Anthony Denham

No. 81
- Position: Tight end

Personal information
- Born: July 21, 1991 (age 34) Monterey Park, California, U.S.
- Listed height: 6 ft 4 in (1.93 m)
- Listed weight: 221 lb (100 kg)

Career information
- High school: Woodrow Wilson (Los Angeles)
- College: Utah
- NFL draft: 2014: undrafted

Career history
- Houston Texans (2014–2015); Philadelphia Eagles (2016–2017)*; Arizona Cardinals (2017)*; Philadelphia Eagles (2018)*; Salt Lake Stallions (2019);
- * Offseason and/or practice squad member only
- Stats at Pro Football Reference

= Anthony Denham =

American football player (born 1991)

Anthony Dion Denham Jr. (born July 21, 1991) is an American former professional football player who was a tight end in the National Football League (NFL). He played college football for the Utah Utes and was signed by the Houston Texans as an undrafted free agent in 2014.

==Early life==
Denham is the son of Anthony Denham Sr. and Dana Lewis. He spent his high school years in foster care. At Woodrow Wilson high school in Los Angeles, California, he had four letters in football, two in basketball and one in track. He was the team's leading receiver and team captain in three years.

==College career==
In his freshman year, at East Los Angeles College, he set school records for receiving yards and touchdowns with 1,186 yds and 16 touchdowns. In his sophomore 2010 season, his play got caught in a downward spiral, though he still finished second in the American Mountain Conference with 40 catches for 475 yds and 7 touchdowns. Even after his decline, he was still rated as a four star recruit by scout.com and rivals.com. After the 2010 season, he transferred to the University of Utah. In 2011, he redshirted, and in 2012 his play was limited, finishing with 11 catches for 135 yds. In 2013, his senior year, he started 10 games and had 24 catches for 291 yds and two touchdowns for the Utes.

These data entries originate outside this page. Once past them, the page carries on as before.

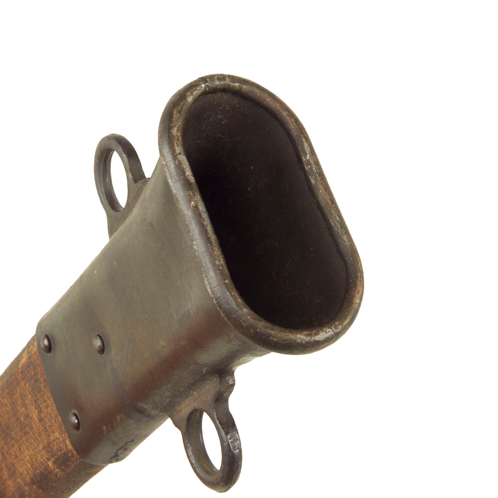 The scabbard has a wooden body covered in khaki canvas with a large wide steel throat and a plain drag both of which are darkened like the grip. Canvas covering is in excellent condition. One area is about 6.00 inches up from the drag and meas. approx. 2.00 inches long. The other is on the opposite side about 9.00 inches below the throat and measures. approx. 3.00 inches.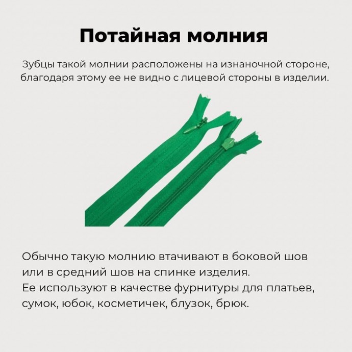 - Неразъемные молнии, они расстёгиваются только до нижнего ограничителя. Используют при пошиве платьев, юбок, брюк, сумок и в подушках.
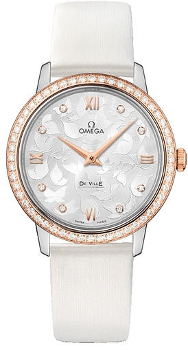 Швейцарские часы Omega De Ville Prestige «Butterfly» 424.27.33.60.52.001 созданы для успешных женщин, предпочитающих классический элегантный дизайн. Модели Omega De Ville Prestige отличаются чистотой линий, роскошной отделкой и всегда актуальным дизайном. Серебристый циферблат с уникальным полированным узором «Butterfly» в виде бабочек, которых нанесены переводным способом. Внутри корпуса универсального размера из стали и розового золота, украшенного бриллиантами, работает высокоточный кварцевый механизм Omega.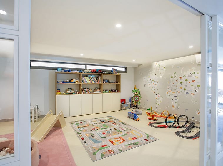 (4) Walking downstairs we have a totally renovated basement space that has been transformed into a fully equipped gymnasium with rest room, kids playroom / customisable space, home-cinema, storage areas and a laundry room.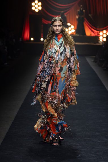 Stile folk, boho chic e gym style si mescolano sulla passerella Primavera/Estate 2026 di Etro by Marco De Vincenzo alla Milano Fashion Week, dove sfilano lunghi abiti coperti di frange colorate e ruche, ricami su capi in denim e intricate fantasie floreali che rivisitano il classico paisley della Maison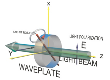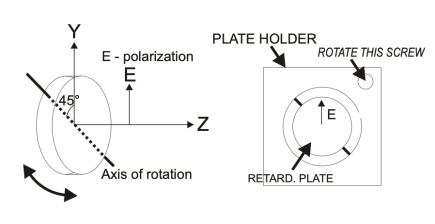 旋转螺丝,直至获得所需的相位延迟。所需相位延迟是通过将延迟片围绕某一轴倾斜 8°-15°(具体角度取决于光谱区域)来实现的,该轴所在平面与光偏振方向成 45° 角(见图)。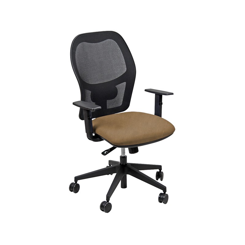 Seduta operativa girevole con elevazione a gas, meccanismo syncro, 4 blocchi anti shock e meccanismo a contatto permanente. Schienale con supporto lombare regolabile. Completa di braccioli regolabili. Rivestimento in tessuto "SUPER - Target" 100% poliestere idrorepellente antimacchia e reazione al fuoco classe 1. Alt.tot: 102-113cm; Prof.tot: 68cm; Alt.schienale: 60cm; Largh.schienale: 48cm; Largh.sedile: 48cm; Prof.sedile: 46cm; Alt.sedile: 42-54cm.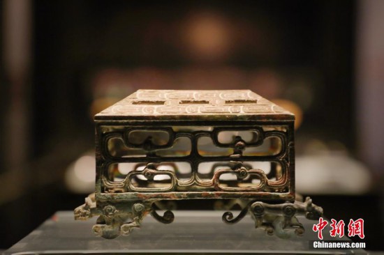4月3日,“清明祭初祖 文脈傳華夏”網絡主題采訪團走進陜西梁帶村芮國遺址博物館。梁帶村芮國遺址博物館于2018年2月14日正式對外開放。梁帶村芮國遺址位于陜西省韓城市西莊鎮,為西周、東周時期古芮國遺址,發現于2004年10月。圖為在芮國遺址博物館展出的鏤空方盒,博物館主體建筑風格就是對該文物進行提煉而設計。趙昊 攝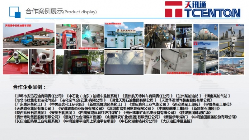 目前,天訊通主要生產(chǎn)的產(chǎn)品有TXQ防爆球型一體攝像機(jī)系列,TX防爆紅外攝像機(jī)系列,TXM微型防爆攝像機(jī)系列,TXK防爆控制箱系列,防爆云臺,防爆護(hù)罩,防爆解碼器等工業(yè)防爆監(jiān)控系列產(chǎn)品,系列產(chǎn)品都已獲得不同等級的防爆合格證,主要應(yīng)用于石油化工工業(yè)、國防工業(yè)、礦產(chǎn)、航天、糧食加工等具有爆炸性危險(xiǎn)的可燃?xì)怏w及粉塵環(huán)境中。

===College football statistics===

| Year | Team | Receptions | Yards | Avg | TD's |
|---|---|---|---|---|---|
| 2012 | Utah | 11 | 135 | 12.3 | 0 |
| 2013 | Utah | 24 | 291 | 12.1 | 2 |
| Career |  | 35 | 426 | 12.2 | 2 |

==Professional career==

Pre-draft measurables
| Height | Weight | 40-yard dash | 10-yard split | 20-yard split | 20-yard shuttle | Three-cone drill | Vertical jump | Broad jump | Bench press |
| 6 ft 4+1⁄2 in (1.94 m) | 235 lb (107 kg) | 4.77 s | 1.65 s | 2.76 s | 4.56 s | 7.38 s | 32+1⁄2 in (0.83 m) | 9 ft 5 in (2.87 m) | 14 reps |
Bench press, broad jump, shuttle, cone drill values from Pro Day; all other values from NFL Combine.

===Houston Texans===
Denham went undrafted in the 2014 NFL draft. He was signed by the Houston Texans, and called up from their practice squad on December 3, 2014. On September 3, 2016, he was released by the Texans.

===Philadelphia Eagles (first stint)===
On October 13, 2016, Denham was signed to the Eagles' practice squad. He was released on December 2, 2016 but was re-signed on December 13. He signed a reserve/future contract on January 2, 2017.

On September 1, 2017, Denham was waived by the Eagles.

===Arizona Cardinals===
On September 26, 2017, Denham was signed to the Arizona Cardinals' practice squad.

===Philadelphia Eagles (second stint)===
On August 28, 2018, Denham was signed by the Eagles. He was waived on September 1, 2018.

===Salt Lake Stallions===
In 2019, Denham joined the Salt Lake Stallions of the Alliance of American Football. The league ceased operations in April 2019.